After basic training he returned home to marry a local woman, Olive Shaw. She was already pregnant when her young husband took up his post as navigator on a Lancaster bomber.

They were on a mission over northern France when the plane was shot down. The only crew member to parachute to safety, Mr Hood began to walk through enemy territory. Coming across a farmhouse, he knocked on the door in trepidation. The farmer’s family invited him in, only to question him mercilessly.

Finally, they asked where he had hidden his parachute and a boy was dispatched to retrieve it. Mr Hood later discovered that German soldiers were attempting to infiltrate the French resistance by masquerading as British soldiers. Had the boy not been able to find his parachute, a man with a revolver stood in the next room, ready to kill him.

Until the Americans liberated the town, more than half a year later, Mr Hood was hidden by the local mayor. By the time he returned home, he had a son, Keith. Two more children, Alan and Lynne, would follow.

Back in Britain, he returned his service equipment: his map, compass and army watch. Later, he would recount the quartermaster’s response: “You’ve just written off a #163;500,000 plane, and you give me a watch?” This punchline was typical of Mr Hood. He had an irrepressible optimism, a tendency to look for the humour in any situation, however bleak.

Always fond of reading, he now decided to train as a teacher. But it was not just his bookishness that attracted him to the profession. He liked people, he liked talking to people. If a stranger sat down next to him in the park, it would only be a matter of minutes before Mr Hood struck up a conversation.

He found a post at Seaham secondary modern, teaching whichever subject required his services: English, maths, RE. Gradually, he became a respected figure in the local community, renowned for his dedication to the job and for Excalibur, the cane he wielded.

Teaching also provided focus for his linguistic pedantry. He was never known to split an infinitive, and would often expostulate over a piece of written text: “Look at this! Look at the bad grammar here!” At the same time, he took immense pleasure in the English language “as it ought to be used”: the language of Dickens and of poetry.

His working life was not over with retirement. Instead, his teaching career had prepared him for his vocation: a call to the priesthood. He was practised at talking to people, at educating them, at helping them through difficult times. Well known at his family church, St John’s of Seaham, he also served as curate for two nearby parishes.

His family believe it was Mr Hood’s faith that sustained him after Olive’s death. And he still had his books. He read widely about the First World War, both fiction and non-fiction. He read about his own war, too: books about Lancaster bombers and missions over northern France.
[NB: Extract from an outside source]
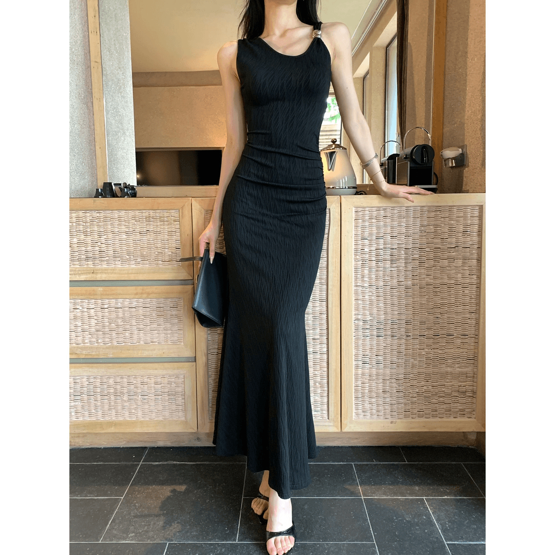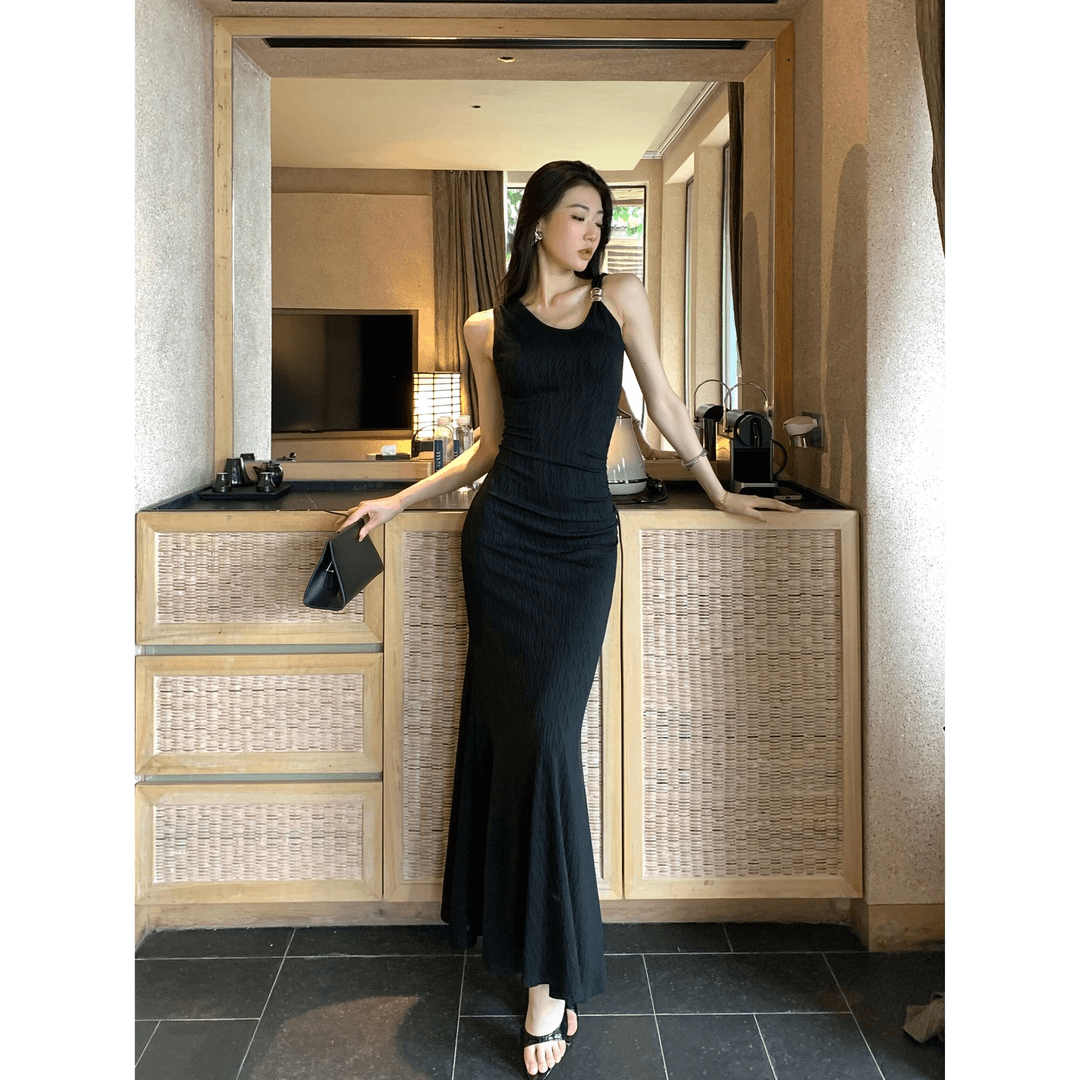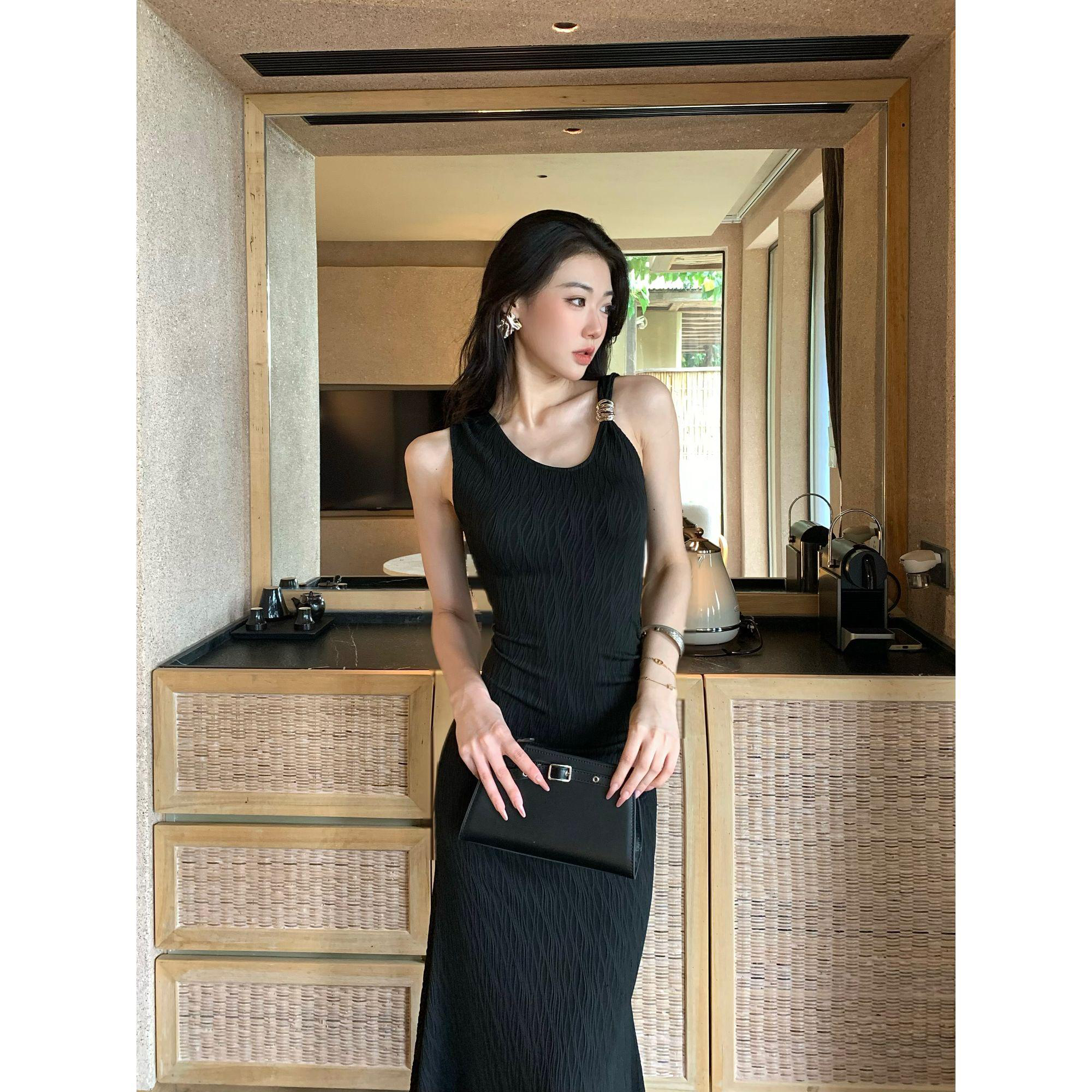 패션 여름 몸매 가꾸기 품격 그는 벤 바람 허리 수축 슬림해 보이는 검정색 드레스

For decades, he maintained a correspondence with the French villagers who had saved him, latterly embracing the convenience of email. He could converse on almost any subject, however up-to-date. There was very little that did not interest him and he read newspapers cover to cover.

On 27 March, he was sitting up in bed, reading the Book of Common Prayer. He died as he removed his reading glasses to go to sleep.